THE TASK:
Your task is to copy exactly the lines from the line containing "Supporters can get" through the end of the listing below, with pictures left out.

STORED DATA:
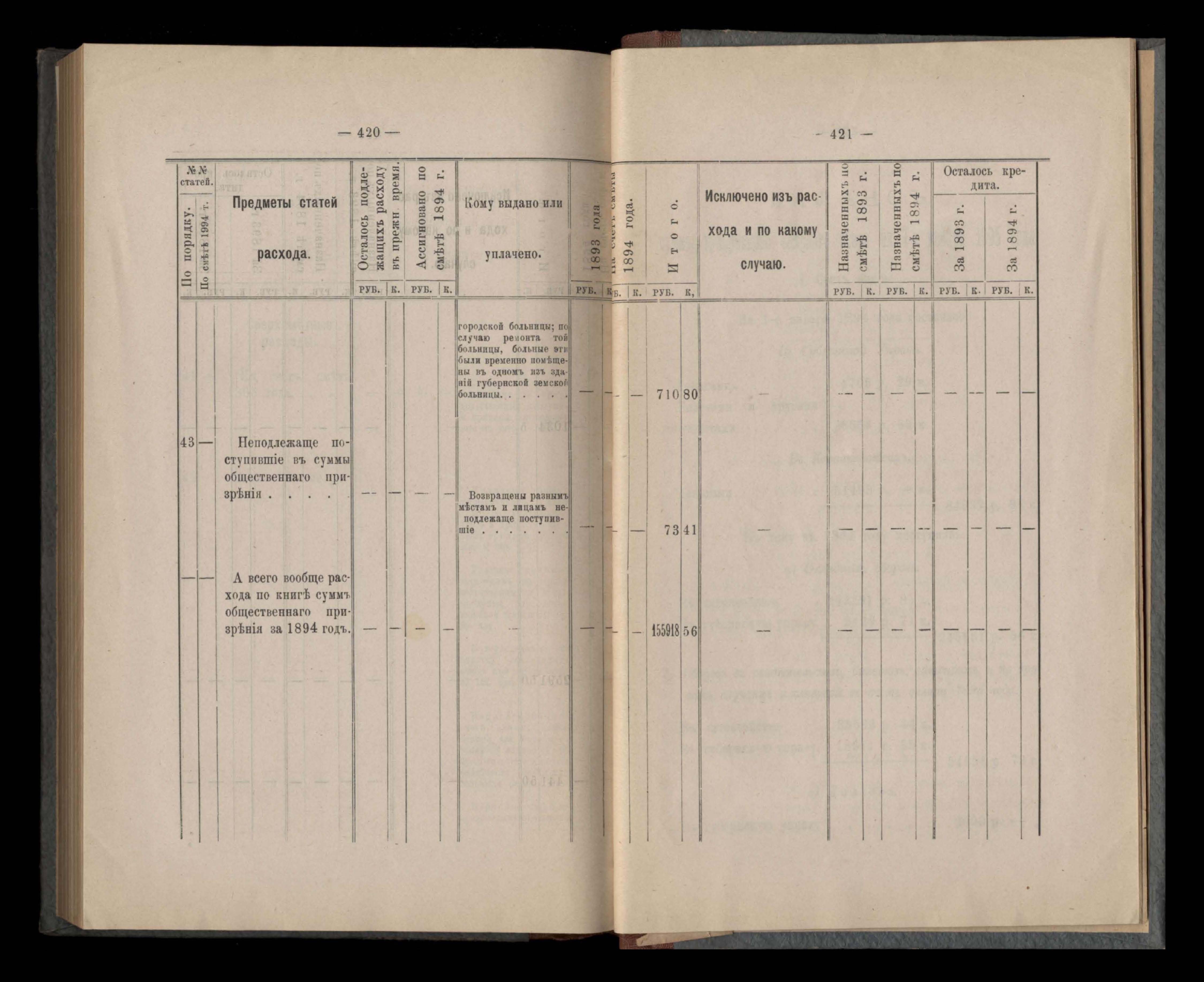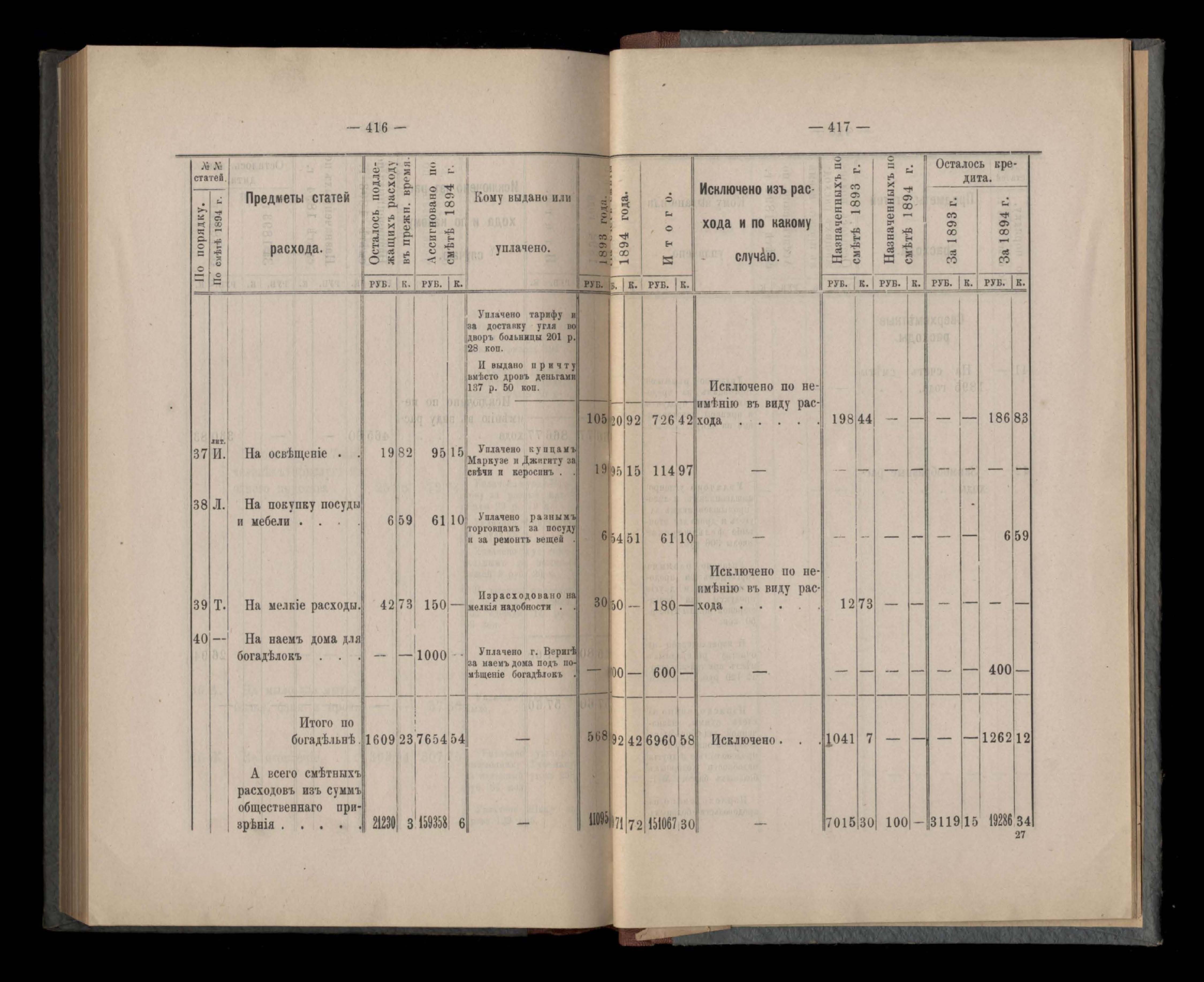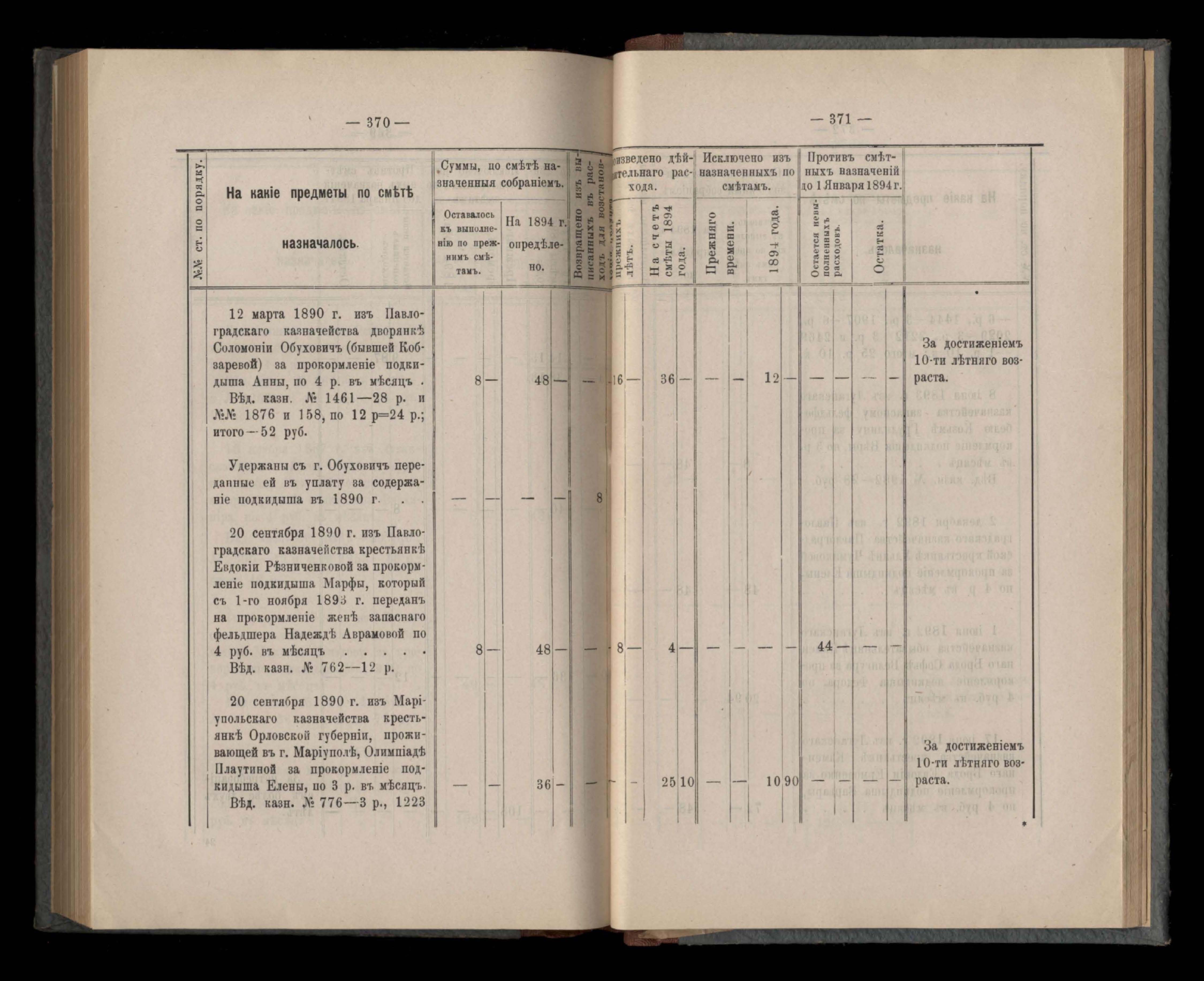 Въдомостъ Екатеринославской губернской земской управы о расходъ суммъ общественнаго призрънія за 1894 годъ
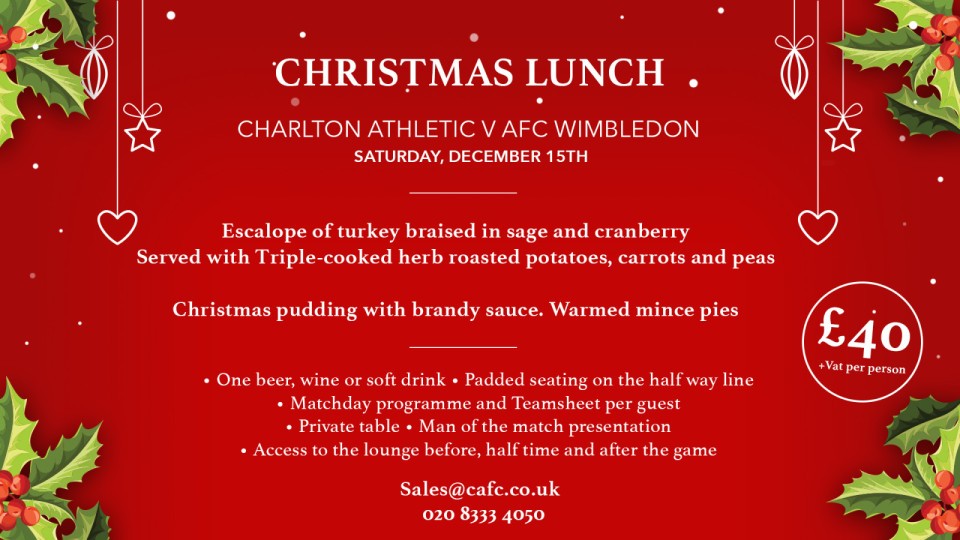 Supporters can get into the festive spirit before Charlton’s Sky Bet league One clash against AFC Wimbledon on Saturday, December 15th by enjoying a traditional Christmas lunch in SE7.
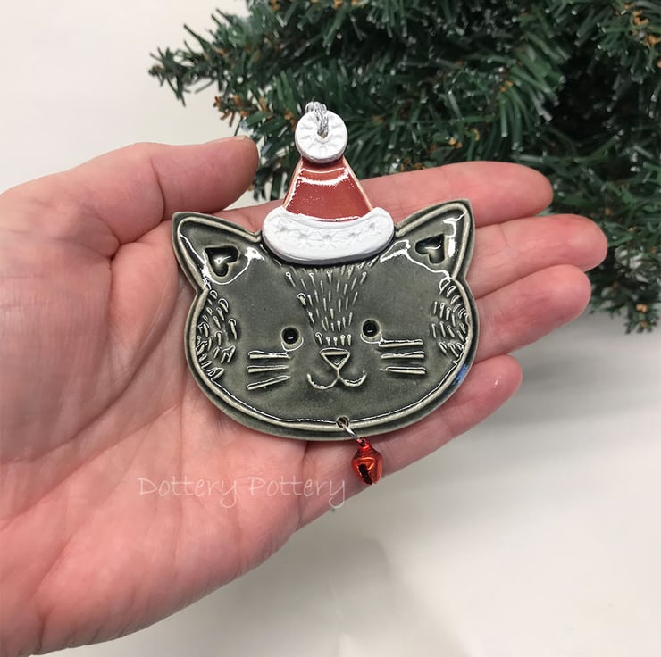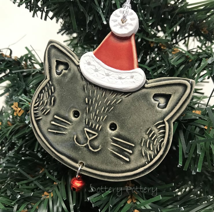This cute little pottery cat been hand-cut and stamped from my own design. It is made from white earthenware clay, decorated and fired. It has then been glazed with a lovely glossy glaze and fired again to 1100 degrees. It hangs from a silver string. 7cm wide x 7cm high x 1cm deep.

RESPONSE AREA:
 Supporters can get into the festive spirit before Charlton’s Sky Bet league One clash against AFC Wimbledon on Saturday, December 15th by enjoying a traditional Christmas lunch in SE7.
This cute little pottery cat been hand-cut and stamped from my own design. It is made from white earthenware clay, decorated and fired. It has then been glazed with a lovely glossy glaze and fired again to 1100 degrees. It hangs from a silver string. 7cm wide x 7cm high x 1cm deep.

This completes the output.